▸ Task instructions
Pictures excluded, reproduce exactly the lines below from the one with "U10 Champions—Team 1" through the one with "Figure 6. Coelioxys", both included.

▸ The data
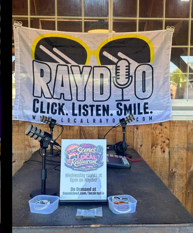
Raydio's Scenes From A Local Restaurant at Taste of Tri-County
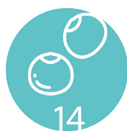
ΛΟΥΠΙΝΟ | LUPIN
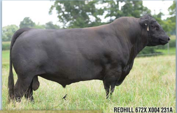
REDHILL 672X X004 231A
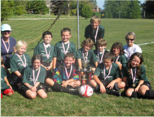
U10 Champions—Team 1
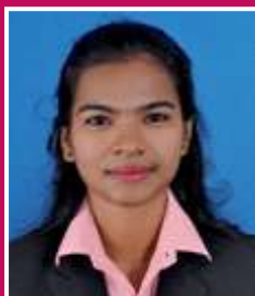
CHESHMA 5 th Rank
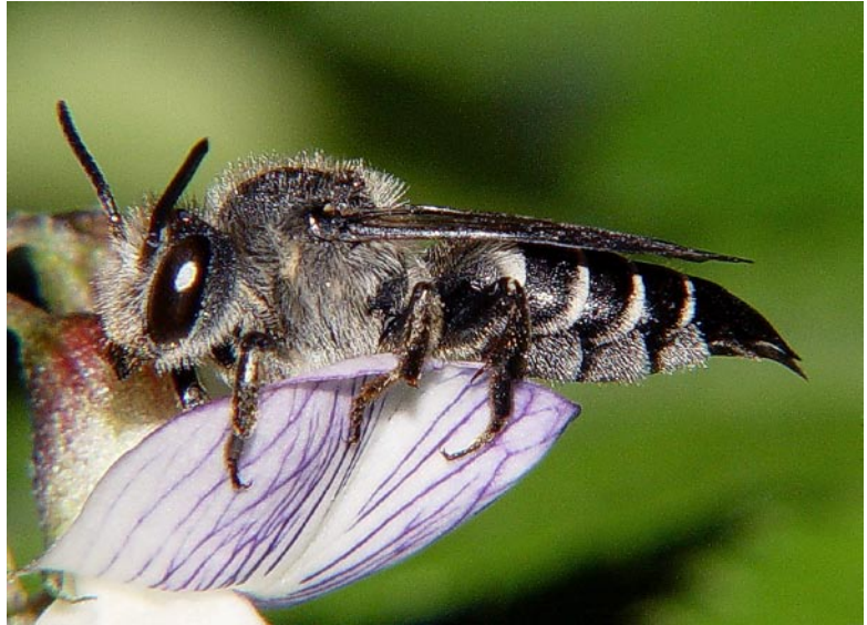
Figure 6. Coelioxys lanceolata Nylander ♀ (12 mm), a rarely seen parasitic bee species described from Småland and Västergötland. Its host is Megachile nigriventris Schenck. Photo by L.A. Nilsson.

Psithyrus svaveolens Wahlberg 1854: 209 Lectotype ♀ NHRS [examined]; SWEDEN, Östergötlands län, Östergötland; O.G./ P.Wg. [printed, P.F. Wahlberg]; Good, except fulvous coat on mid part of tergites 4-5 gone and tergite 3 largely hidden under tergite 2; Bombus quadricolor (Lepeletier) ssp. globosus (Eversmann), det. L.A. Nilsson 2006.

▸ Worked solution
U10 Champions—Team 1
CHESHMA 5 th Rank
Figure 6. Coelioxys lanceolata Nylander ♀ (12 mm), a rarely seen parasitic bee species described from Småland and Västergötland. Its host is Megachile nigriventris Schenck. Photo by L.A. Nilsson.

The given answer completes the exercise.